What to do: Leaving every picture out, repeat all of the entries below exactly.

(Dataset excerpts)
|---|

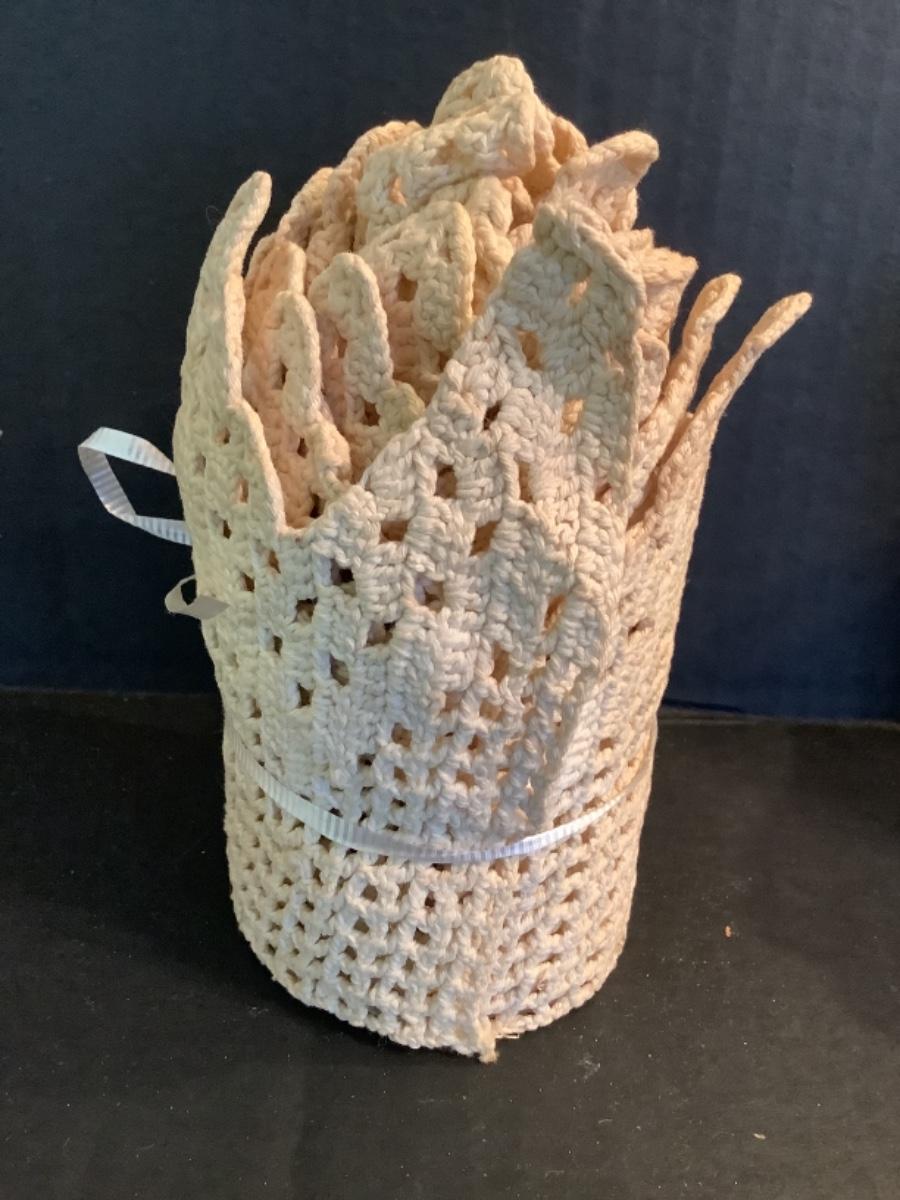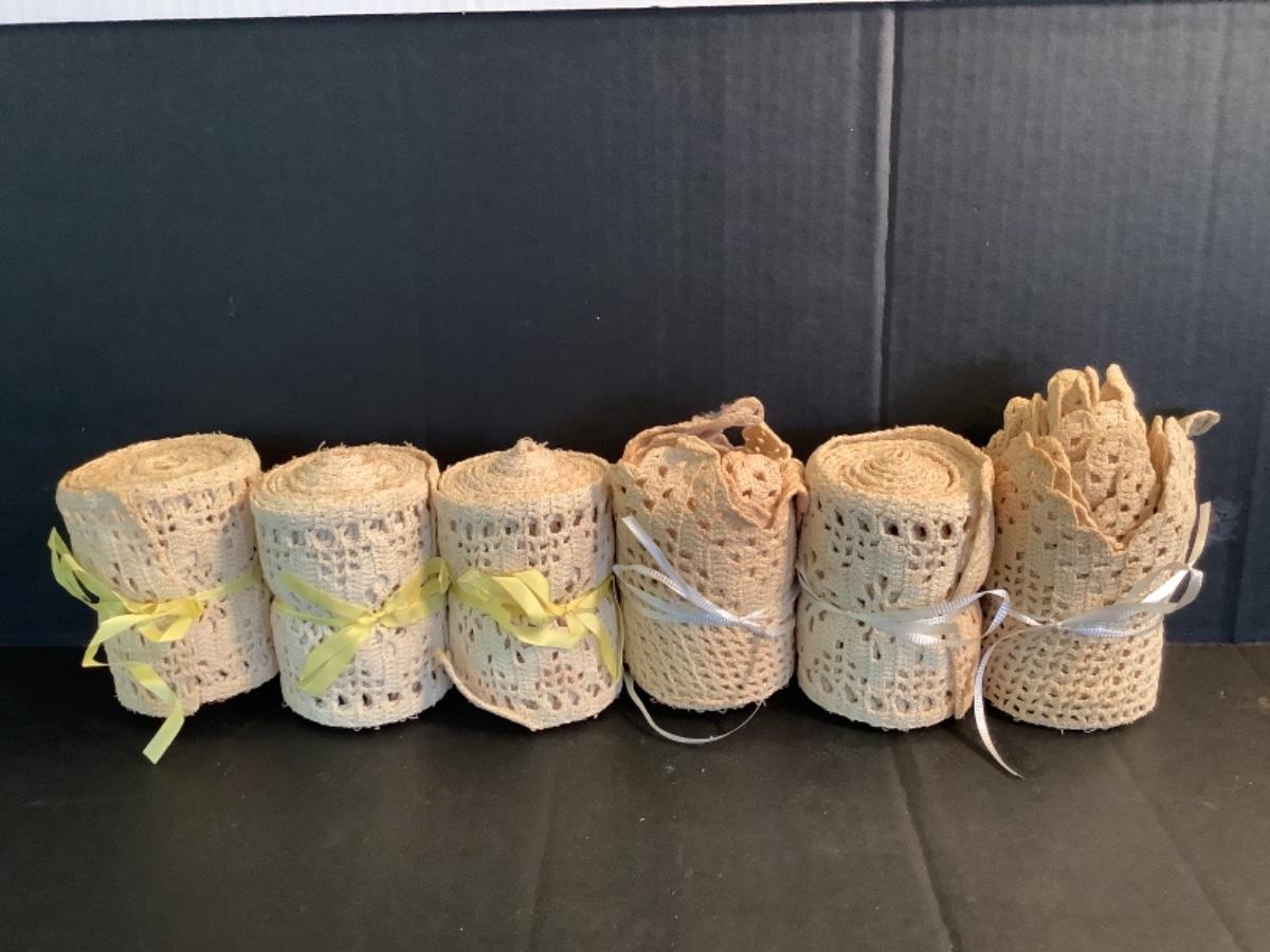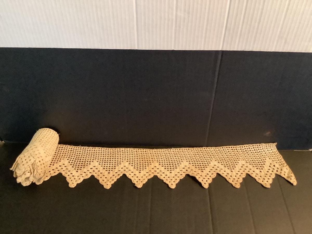 Six pieces of crocheted cotton border, Some discoloration that may come out when cleaned
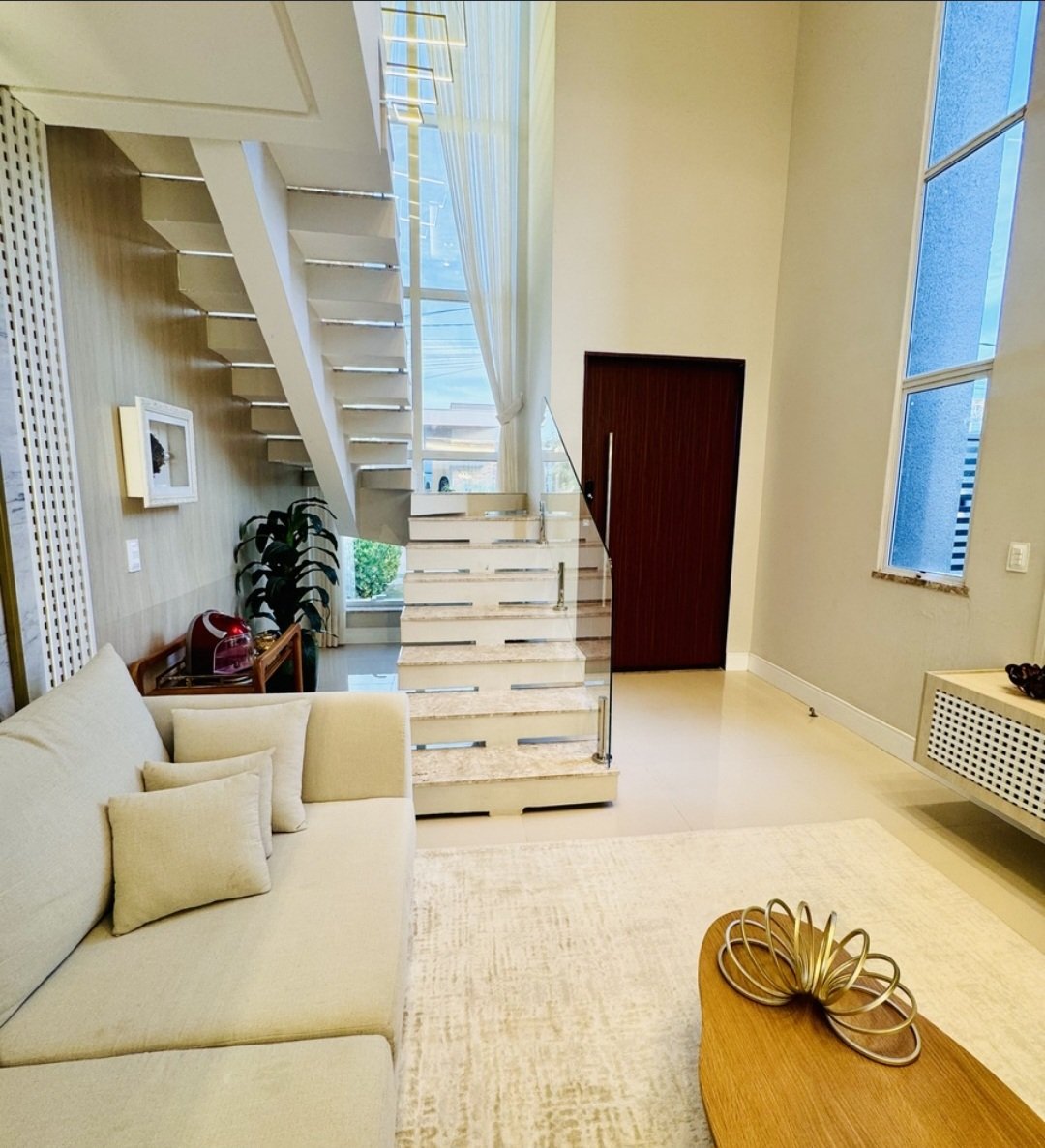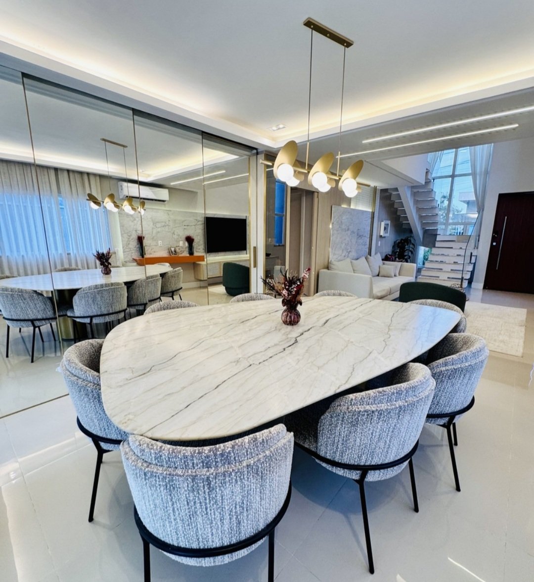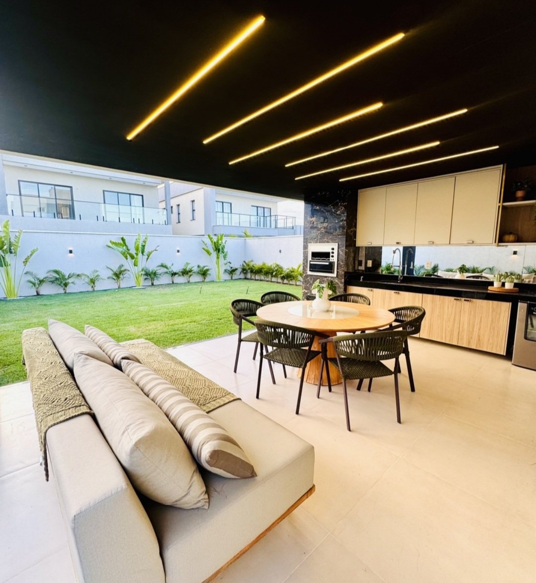 Área social integrada: Living amplo com pé-direito alto, cozinha gourmet americana equipada com ilha de granito, eletrodomésticos premium (fogão cooktop, geladeira side-by-side, forno embutido) e lavanderia separada. Fluxo perfeito entre sala de jantar, home theater e varanda gourmet coberta — ideal para churrascos em família.
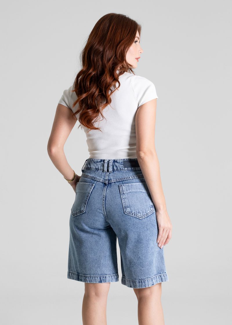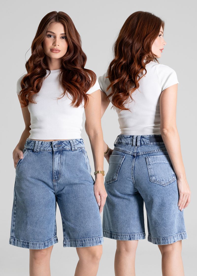 Bermuda confeccionado em jeans. Modelagem moderna e confortável para todas as ocasiões. Cintura alta Fechamento com botão e zíper Bolsos frontais e posterior funcionais Barra simples Tecido: Jeans Tipo de lavagem: Azul Cor: Azul claro
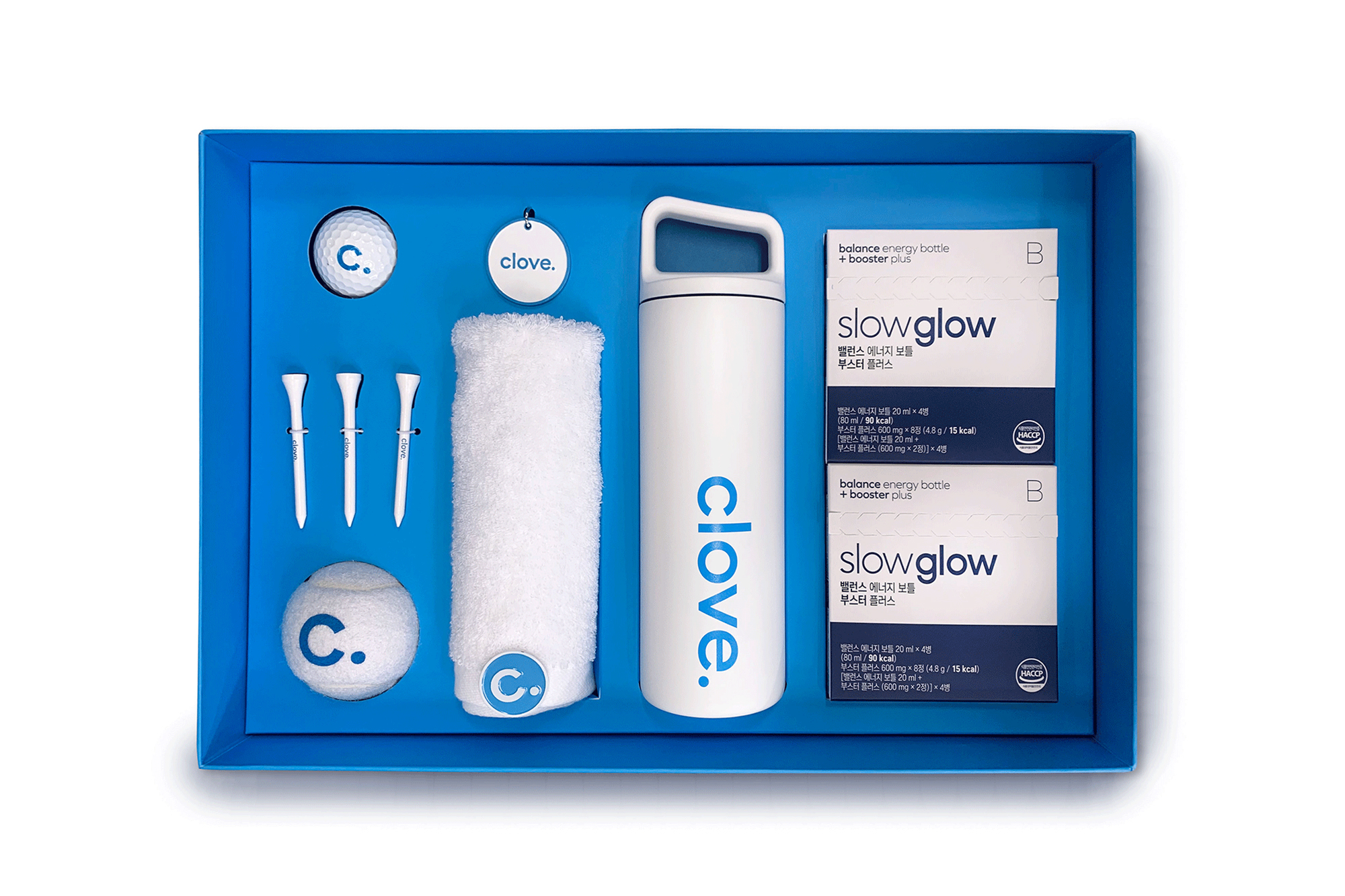 Overview 클래시한 감성의 라이프웨어 클로브에서 VIP 기프트 키트를 제작했습니다. 클로브의 기프트 키트는 클로브의 감성을 고스란히 담아낸 세련된 디자인이 특징입니다. 테니스공, 골프공, 핸드타월, 키링, 볼마커, 골프 티, 텀블러 등 다양한 구성품은 클로브의 브랜드 컬러인 블루 색상과 클로브의 로고를 활용해 고급스러운 느낌을 자아내며, 클로브의 브랜드 이미지를 강조합니다.
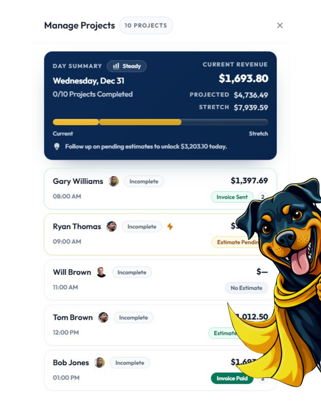 Scheduling, estimates, invoicing, and crew management — all from one app.
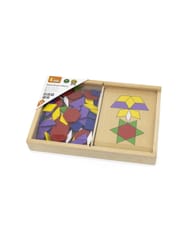 Geometryczna mozaika to gra logiczna polegająca na układaniu 148 kolorowych drewnianych figur geometrycznych według 10 przykładowych wzorów, dzięki czemu trzylatek szybciej uczy się rozpoznawać kształty i kolory oraz rozwija swoje zdolności manualne. Liczba układanek nie kończy się na zaproponowanych dziesięciu wzorach – jest praktycznie nieograniczona. Dziecko może samo tworzyć własne mozaiki, co dodatkowo wpływa na rozwój kreatywności i wyobraźni.
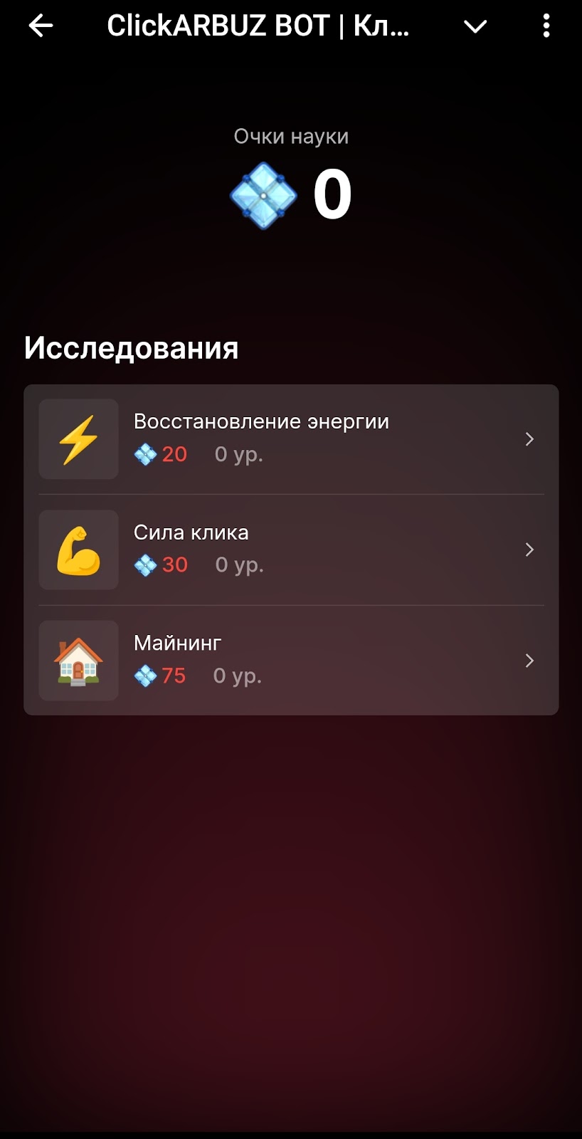 В исследованиях за заработанные баллы можно дополнительно прокачать энергию, майнинг и силу клика.
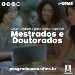 A cada semestre os programas de Pós-graduação da UFMS selecionam interessados em cursarem disciplinas isoladas como aluno especial. Atualmente, seis

|---|

Solution for this exercise:
 Six pieces of crocheted cotton border, Some discoloration that may come out when cleaned
 Área social integrada: Living amplo com pé-direito alto, cozinha gourmet americana equipada com ilha de granito, eletrodomésticos premium (fogão cooktop, geladeira side-by-side, forno embutido) e lavanderia separada. Fluxo perfeito entre sala de jantar, home theater e varanda gourmet coberta — ideal para churrascos em família.
 Bermuda confeccionado em jeans. Modelagem moderna e confortável para todas as ocasiões. Cintura alta Fechamento com botão e zíper Bolsos frontais e posterior funcionais Barra simples Tecido: Jeans Tipo de lavagem: Azul Cor: Azul claro
 Overview 클래시한 감성의 라이프웨어 클로브에서 VIP 기프트 키트를 제작했습니다. 클로브의 기프트 키트는 클로브의 감성을 고스란히 담아낸 세련된 디자인이 특징입니다. 테니스공, 골프공, 핸드타월, 키링, 볼마커, 골프 티, 텀블러 등 다양한 구성품은 클로브의 브랜드 컬러인 블루 색상과 클로브의 로고를 활용해 고급스러운 느낌을 자아내며, 클로브의 브랜드 이미지를 강조합니다.
 Scheduling, estimates, invoicing, and crew management — all from one app.
 Geometryczna mozaika to gra logiczna polegająca na układaniu 148 kolorowych drewnianych figur geometrycznych według 10 przykładowych wzorów, dzięki czemu trzylatek szybciej uczy się rozpoznawać kształty i kolory oraz rozwija swoje zdolności manualne. Liczba układanek nie kończy się na zaproponowanych dziesięciu wzorach – jest praktycznie nieograniczona. Dziecko może samo tworzyć własne mozaiki, co dodatkowo wpływa na rozwój kreatywności i wyobraźni.
 В исследованиях за заработанные баллы можно дополнительно прокачать энергию, майнинг и силу клика.
 A cada semestre os programas de Pós-graduação da UFMS selecionam interessados em cursarem disciplinas isoladas como aluno especial. Atualmente, seis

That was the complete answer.